This discrepancy has created a gap between available datasets and their practical usability, posing a significant barrier for researchers lacking specialized bioinformatics training. Variations in data processing methodologies further complicate the comparison of different machine learning approaches, making it challenging to identify the optimal method for tasks such as classifying patient samples as benign or malignant.

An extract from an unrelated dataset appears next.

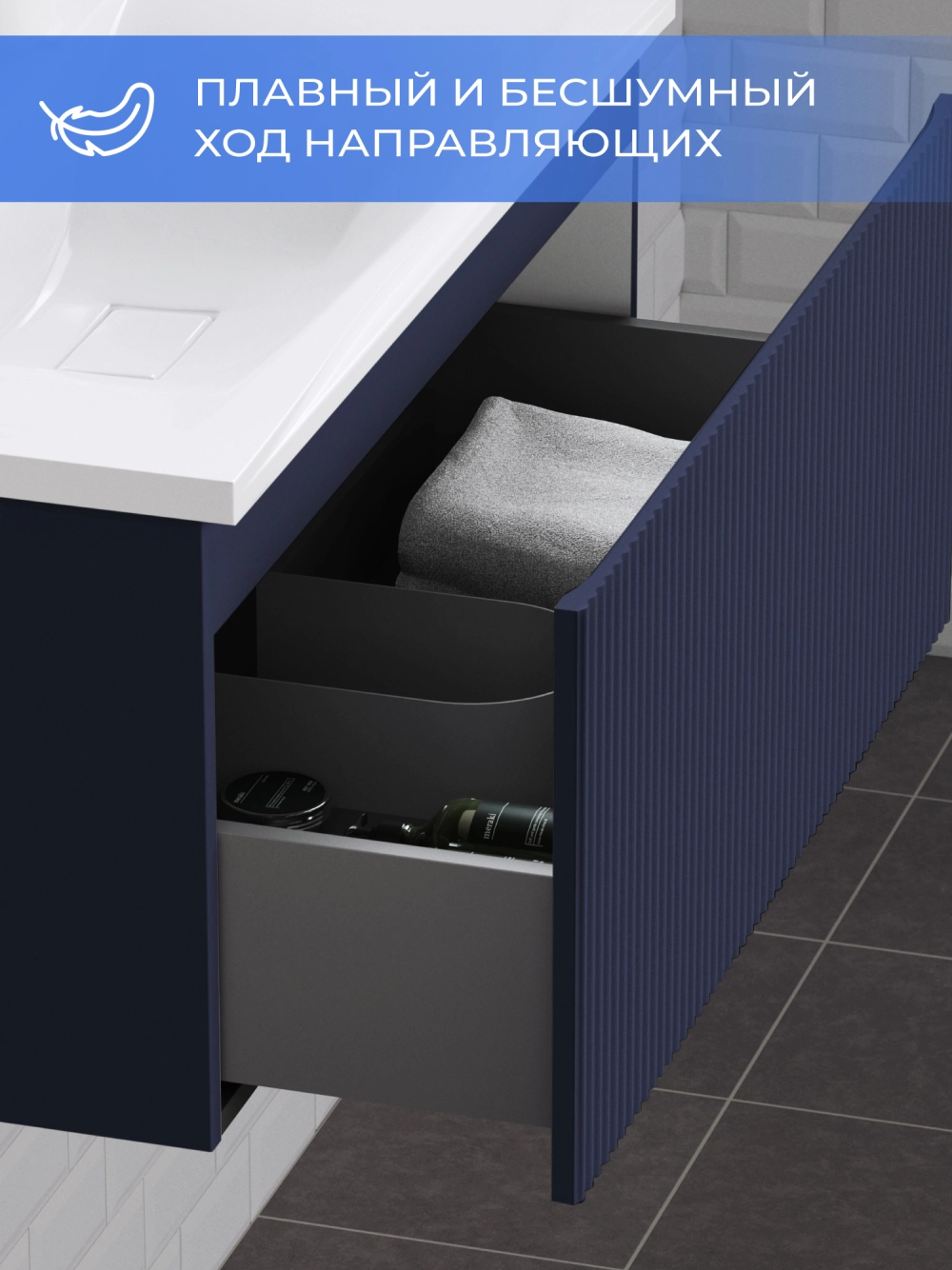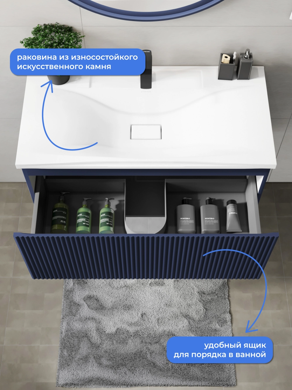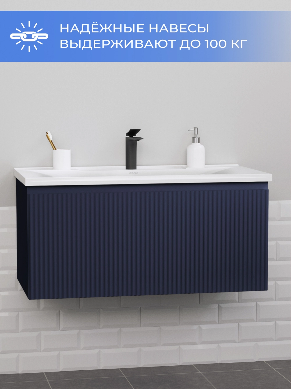 Подвесная тумба с раковиной Итана Kate 90 станет идеальным дополнением для вашей ванной комнаты, сочетая в себе стильный дизайн и функциональность. Коллекция Kate - воплотила в себе тренд на фактурные фасады. Идеальный "рубчик" - простое и стильное дизайнерское решение для декорирования фасадов - эта мебель бесспорно станет украшением современной ванной комнаты. Элегантная подвесная конструкция позволяет максимально эффективно использовать пространство, создавая ощущение легкости и визуальной свободы в интерьере. Тумба изготовлена из высококачественных материалов, гарантируя долговечность и надежность эксплуатации. Удобные фрезерованные ручки, качественная фурнитура с доводчиками, вместительность - мы продумали все, чтобы тумба под раковину была не просто красивой, но еще и функциональной, приятной в использовании. Ее конструкция позволяет легко поддерживать порядок в ванной, ведь все мелочи будут аккуратно убраны. Раковина выполнена из искусственного камня, обладает устойчивостью к механическим повреждениям и влиянию химических средств. Стильный декор тумбы с раковиной добавляет изюминку в общий дизайн, вписываясь в современные и классические интерьеры. Удобные выдвижные ящики обеспечивают простоту доступа к содержимому тумбы. Подвесная тумба для ванной Итана Kate 90 — это также безопасность и удобство в уборке, так как свободное пространство под ней позволяет легко очистить пол. Безупречное сочетание раковины с тумбой подчеркивает общий стиль вашей ванной комнаты, делая ее уютной и функциональной. Для точного выбора тумбочки с раковиной в ванную комнату рекомендуем обратиться к схеме замеров, которая находится на фото в карточке товара, размеры изделия могут отличаться +/-1 см в связи со спецификой производства. Тумба для ванной доставляется в предварительно собранном виде, надежно упакована.

In response, collaborative researchers from Japan and the United States have developed a robust database tailored for machine learning applications, comprising genetic and molecular data from over 8,000 cancer patients. They named this groundbreaking database MLOmics. Similar to a well-organized library, MLOmics provides cancer data ready for immediate use by computer models, eliminating the need for extensive data preprocessing.

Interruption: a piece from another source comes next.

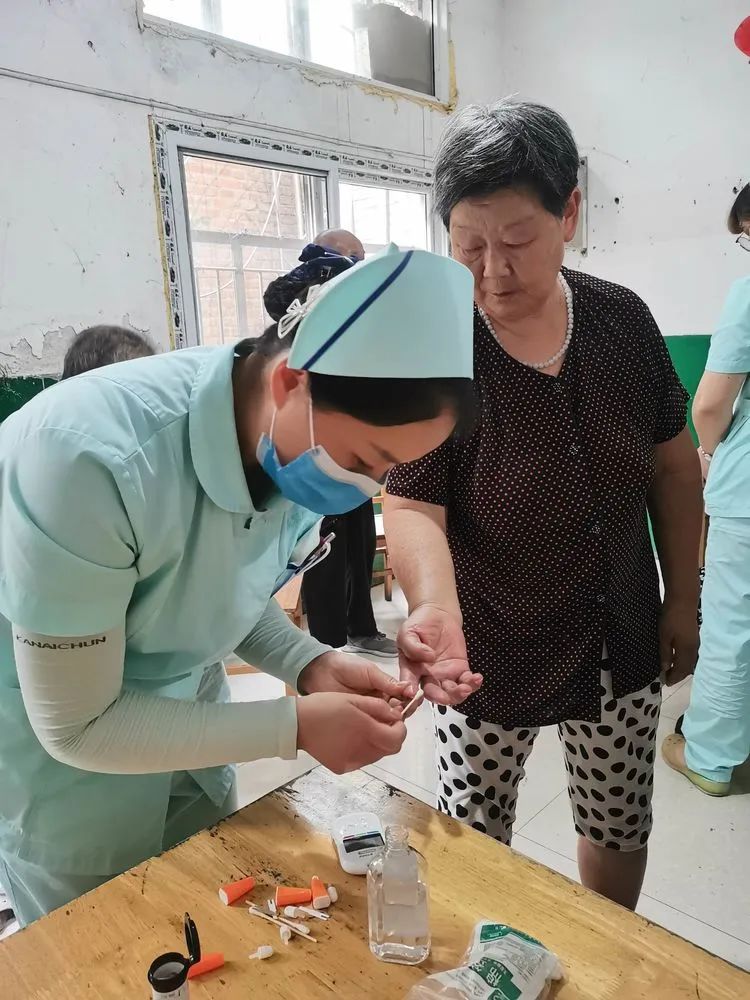除了給老人們測量血壓,另一邊黨員吳慶芝在為老人們測量血糖,“大爺,早晨吃過飯沒有。您手指給我,好的。”

To create MLomics, researchers retrieved patient samples from 32 cancer types from publicly accessible databases, including the Cancer Genome Atlas. They collected four distinct types of molecular data per patient, comprising two DNA product types. The dataset includes transcriptomics data, data on DNA regions termed copy number variation, and details regarding chemical DNA markers known as methylation. For transcriptomics data, the team labeled experimental factors influencing data quality, eliminated contamination from non-human samples, and addressed unlabeled values.

For copy number variation data, researchers focused on cancer-specific repeated sequences, identifying and labeling recurrent aberrant repeats along with their corresponding genes. They adjusted methylation data to eliminate biases caused by various experimental platforms. In addition, a uniform identifier was assigned to all molecular data to standardize naming conventions.

Subsequently, the team developed a coding pipeline to assess data quality and integrate each patient’s molecular data types into a single, cohesive dataset using the multi-omics approach, which amalgamates diverse molecular measurements. They matched each patient sample with its associated cancer type, thereby creating an organized dataset prime for analysis.

The researchers designed 20 task-aware datasets across three categories of machine learning problems, establishing appropriate metrics for model evaluation in each category. They aimed to showcase how MLOmics can be employed for a variety of common research tasks.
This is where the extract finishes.